Negara-negara G20 Didesak Bahas Isu Perlindungan Pekerja Migran
Ada jutaan pekerja migran di seluruh dunia yang kehilangan sumber penghidupan akibat pandemi Covid-19. Negara-negara G20 didesak membahas dan mengambil langkah nyata terkait perlindungan pekerja migran.
Oleh
PANDU WIYOGA
·3 menit baca
BATAM, KOMPAS — Kelompok masyarakat sipil menyatakan, isu perlindungan pekerja migran perlu menjadi pembahasan dalam pertemuan menteri ketenagakerjaan negara-negara G20 yang akan diselenggarakan di Bali pada 14 September 2022. Presidensi G20 Indonesia 2022 diharapkan mampu mengadvokasi persoalan tersebut.
Direktur Eksekutif Migrant Care Wahyu Susilo, Rabu (31/8/2022), menilai, isu pekerja migran belum mendapat pembahasan yang serius dalam lima kali pertemuan Kelompok Kerja Bidang Ketenagakerjaan G20. Hal ini ironis mengingat presidensi G20 Indonesia mengusung misi bangkit bersama seusai pandemi Covid-19.
”Pekerja migran merupakan kelompok yang paling terdampak pandemi. Mereka juga kelompok pertama yang merasakan kecamuk wabah di luar negeri, ketika pada saat yang sama (pemerintah) kita masih bercanda soal pandemi,” kata Wahyu dalam diskusi daring Menuju Pertemuan Menteri Ketenagakerjaan Negara-negara G20 (Labour Employment Ministerial Meeting G20).
Pandemi yang berkecamuk di seluruh dunia membuat ratusan ribu pekerja migran Indonesia kehilangan pekerjaan. Namun, setelah pulang ke Tanah Air, mereka tidak mendapat akses bantuan sosial, misalnya subsidi upah.
Menurut Wahyu, pembahasan isu perlindungan pekerja migran juga perlu didorong karena angka perdagangan orang semakin meningkat sejak pandemi Covid-19 melanda. Kementerian Luar Negeri sebelumnya menyatakan pengaduan kasus perdagangan orang meningkat dua kali lipat.
Salah satu kasus terbaru perdagangan orang adalah penipuan kerja ke Kamboja yang terungkap pada awal Juli 2022. Dari catatan Kompas, lebih dari 240 warga negara Indonesia (WNI) menjadi korban kerja paksa di Kamboja.
”Kalau persoalan human trafficking tidak menjadi perhatian global, maka ini akan memperumit krisis kemanusiaan di Indonesia,” ujar Wahyu.
Akivis hak pekerja migran dan anti-perdagangan orang, Andy Hall, mengatakan, sekitar 400 WNI juga menjadi korban perbudakan modern di Inggris. Para WNI itu dipekerjakan sebagai pekerja musiman sektor pertanian.
Para WNI itu terjerat utang masing-masing sekitar Rp 86,3 juta kepada perusahaan penyalur untuk mengganti biaya keberangkatan. Sebelumnya, mereka dijanjikan kontrak kerja selama dua tahun, tetapi nyatanya hanya dikontrak selama enam bulan.

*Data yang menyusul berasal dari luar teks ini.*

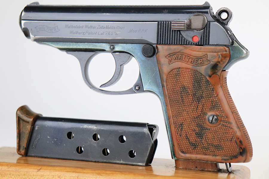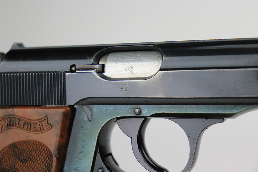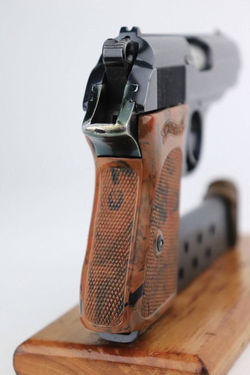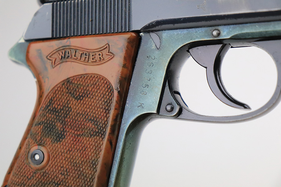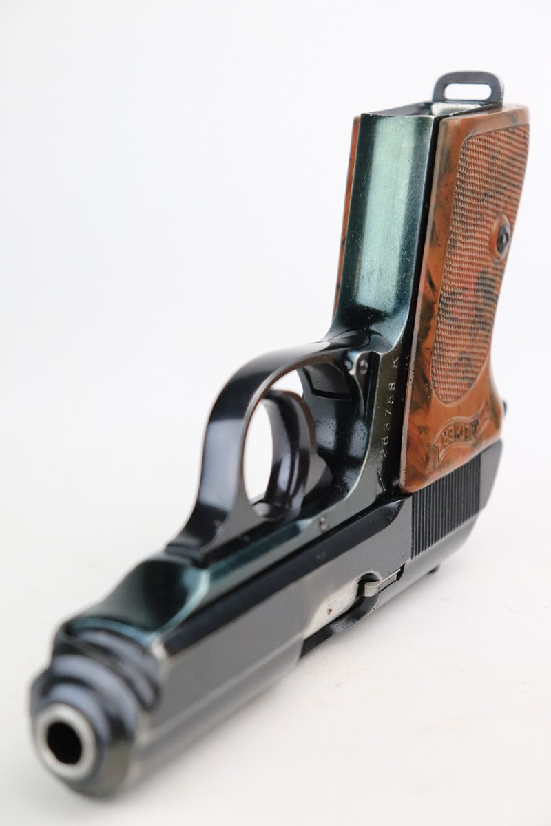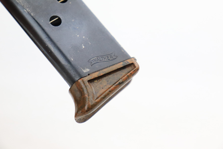 6/14/22 – This is a very nice example of a Walther PPK sold in the commercial market in 1940. This one is special because it has a lightweight duraluminum frame. It is all matching and has the proper “Eagle N” commercial proofs. It comes as a rig with a generic un-marked tan leather holster, a Walther banner-only finger extension magazine, and one flat-bottom wartime magazine. It has retained roughly 85% of its original finish. There is minor thinning on the front strap and near the edges of the frame. There is also minor muzzle wear and some light spotty wear along both sides of the slide, concentrated mostly around the high edges. Comes with an excellent period-correct brown Walther grip. Minty bore.

Kasus itu secara khusus disoroti oleh Hall karena Indonesia dan Inggris merupakan anggota G20 yang sama-sama memiliki komitmen terhadap ethical recruitment (perekrutan etis) pekerja migran. Namun, dalam implementasinya, komitmen tersebut belum dijalankan secara serius.
”Kasus ini menunjukkan kegagalan sistemik dua negara anggota G20 untuk mengatur alur migrasi pekerja,” ucap Hall.
Associate Professor Hubungan Internasional Binus University Dinna Prapto Raharja menambahkan, tanggung jawab perlindungan pekerja migran ada di tangan sejumlah negara terkait, baik itu negara asal, transit, maupun penerima.
Apalagi, negara-negara maju butuh tenaga kerja dari negara berkembang. Tanpa pekerja migran, perekonomian negara maju tidak akan mampu bertumbuh.
Pandemi yang berkecamuk di seluruh dunia membuat ratusan ribu pekerja migran Indonesia kehilangan pekerjaan.
Adapun Ketua Aliansi Migran Internasional Eni Lestari berharap pertemuan negara-negara G20 di Bali nanti dapat melahirkan reformasi kebijakan yang implementasinya bermanfaat bagi pekerja migran. Oleh karena itu, negara-negara G20 didorong membahas masalah-masalah yang nyata, seperti jaminan sosial bagi pekerja migran dan mekanisme penanganan kasus lintas negara.
”Jangan sampai (pertemuan) G20 ini hanya seperti pertemuan-pertemuan besar sebelumnya yang no action talk only, banyak omong tetapi tidak ada buktinya,” kata Eni.